Penggunaan sistem floor stock lengkap dianjurkan untuk diminimalkan
agar menjamin pengemasan control dan identifikasi obat walaupun sistem ini tetap
dipertahankan pada kondisi tertentu seperti :
Dalam bagian emergensi dan ruang operasi, dimana obat biasanya harus selalu
cepat tersedia segera setelah mendapat resep dokter.
Pada situasi yang dapat mengancam kehidupan pasien, ketersediaan obat-
obat di sekitar pasien sangat dibutuhkan.
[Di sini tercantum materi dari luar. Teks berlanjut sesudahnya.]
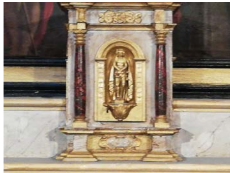
Le tabernacle restauré

Lors de la rénovation de l'église sainte Delphine, on a constaté que le tabernacle portait la datation de 1659. Or, comme on peut le constater sur l'extrait de cadastre Napoléonien datant entre 1810 et 1820, l'église n'existait pas à l'emplacement actuel mais se trouvait sur le cimetière (clocher). Ce tabernacle, et une porte datée de 1735, sont certainement (?) des réemplois venus de l'ancienne chapelle seigneuriale. Le graphisme du cartouche de datation est similaire à celui de la cheminée de l'appartement du second étage, et la date est la même.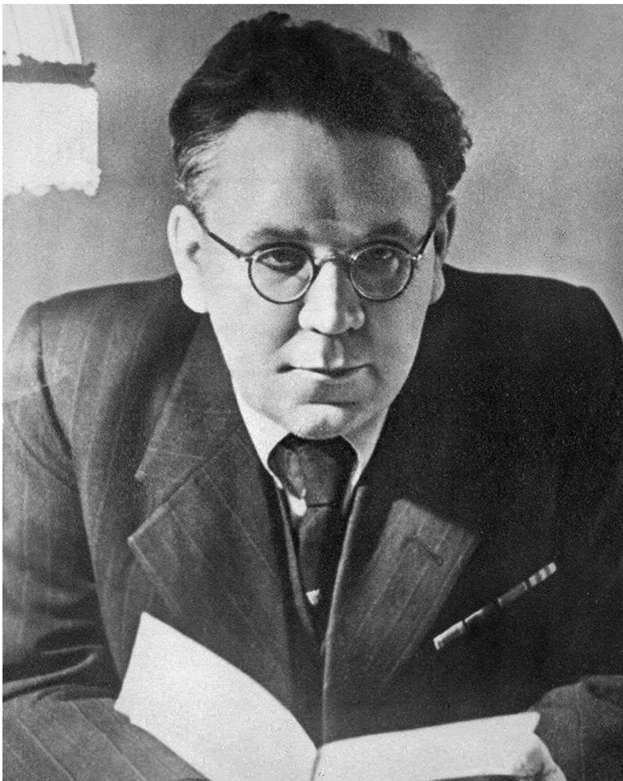
Самуил Яковлевич Маршак (3 ноября 1887 г. - 4 июля 1964 г.)

Obat-obatan dengan harga rendah dan biasa dipakai(high volume drug) dapat
dikelola dengan cara ini dengan catatan kemungkinan terjadi medication erro
yang kecil.
Sistem ini sekarang tidak digunakan lagi karena tanggung jawab besar
dibebankan pada perawat yaitu menginterpretasikan resep dan menyiapkan obat yang
sebetulnya adalah tanggung jawab apoteker.
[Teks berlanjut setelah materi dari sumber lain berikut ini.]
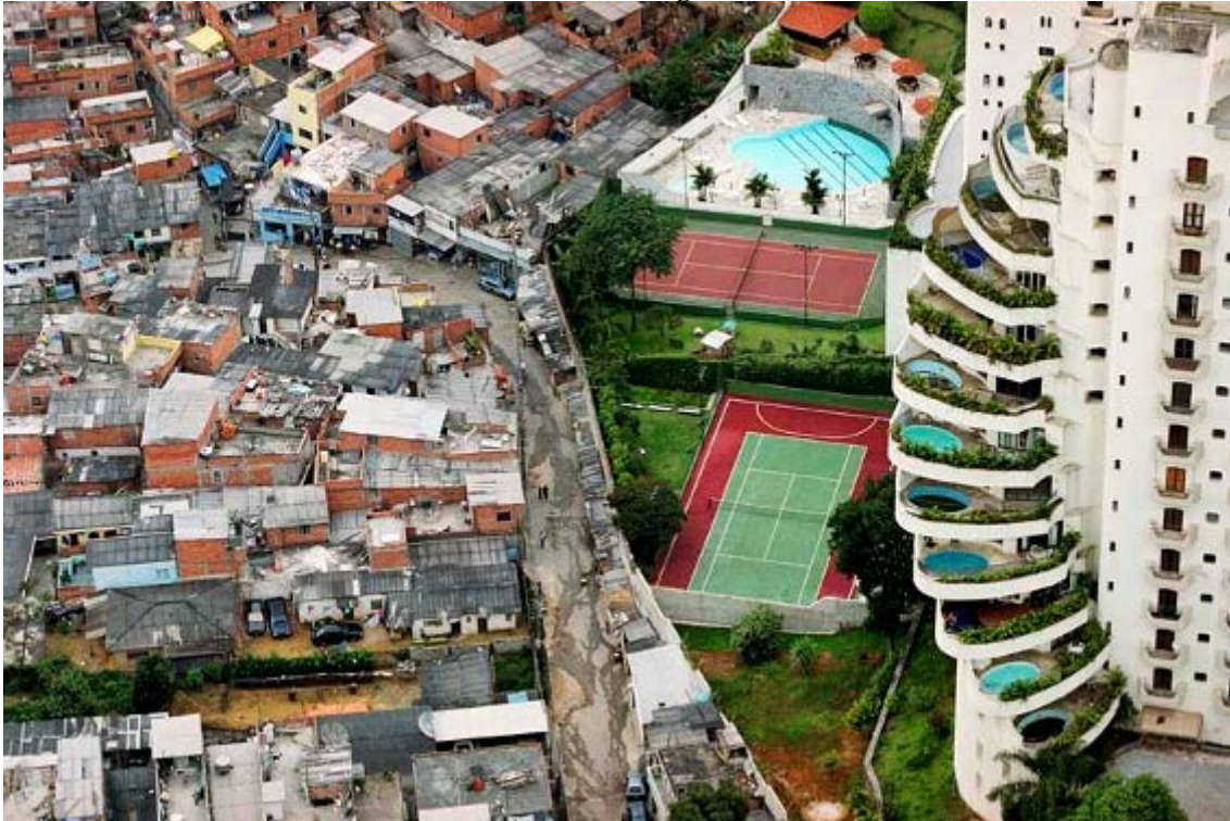
Photo 1 Inégalité

Keuntungan sistem ini yaitu :
Obat yang diperlukan segera tersedia bagi pasien
Peniadaan pengembalian obat yang tidak terpakai ke IFRS
Pengurangan penyalinan resep
Pengurangan jumlah personel IFRS
Keterbatasan sistem ini :
Kesalahan obat sangat meningkat karena resep obat tidak dikaji langsung oleh
Apoteker
Persediaan obat di ruang perawat meningkat dengan fasilitas ruangan yang
Sanagat terbatas
Pencurian obat meningkat
Meningkatnya bahaya karena kerusakan obat
Penambahan modal investasi untuk menyediakan fasilitas penyimpanan obat
Sesuai di setiap daerah perawatan pasien
Diperlukan waktu tambahan bagi perawat untuk menangani obat
Meningkatnya kerugian karena kerusakan obat
2. Sistem resep individual/permintaan lenkap
Sistem distribusi obat resep individual adalah sistem pengelolaan dan distribusi
obat oleh IFRS sentral sesuai yang tertulis pada resep yang ditulis dokter untuk setiap
penderita. Dalam sistem ini, semua obat yang diperlukan untuk pengobatan di
dispensing dari IFRS. Resep asli dikirim ke IFRS oleh perawat, kemudian resep itu
diproses sesuai cara dispensing yang baik dan obat wsiap untuk didistribusikan
kepada pasien.
Keuntungan sistem distribusi resep individual :
Semua resep dikaji langsung oleh apoteker yang dapat memberi keterangan atau
informasi kepada perawat berkaitan dengan obat yang dipakai
Memberi kesempatan interaksi profesional antara apoteker-dokter-perawat-
penderita
Pengendalian perbekalan yang mudah
Mempermudah penagihan biaya kepada pasien
Keterbatasan dalam sistem distribusi resep individual :
Kemungkinan keterlambatan sediaan obat sampai ke penderita
Jumlah kebutuhan personel di IFRS meningkat
Memerlukan jumlah perawat waktu yang lebih banyak untuk penyimpanan obat di
ruangan pada waktu konsumsi obat
Terjadinya kesalahan obat karena kurang pemeriksaan sewaktu penyiapan
konsumsi
3. Kombinasi Sistem Resep Individu dan Foor Stock Lengkap
Sistem kombinasi ini biasanya diadakan untuk mengurangi beban kerja IFRS.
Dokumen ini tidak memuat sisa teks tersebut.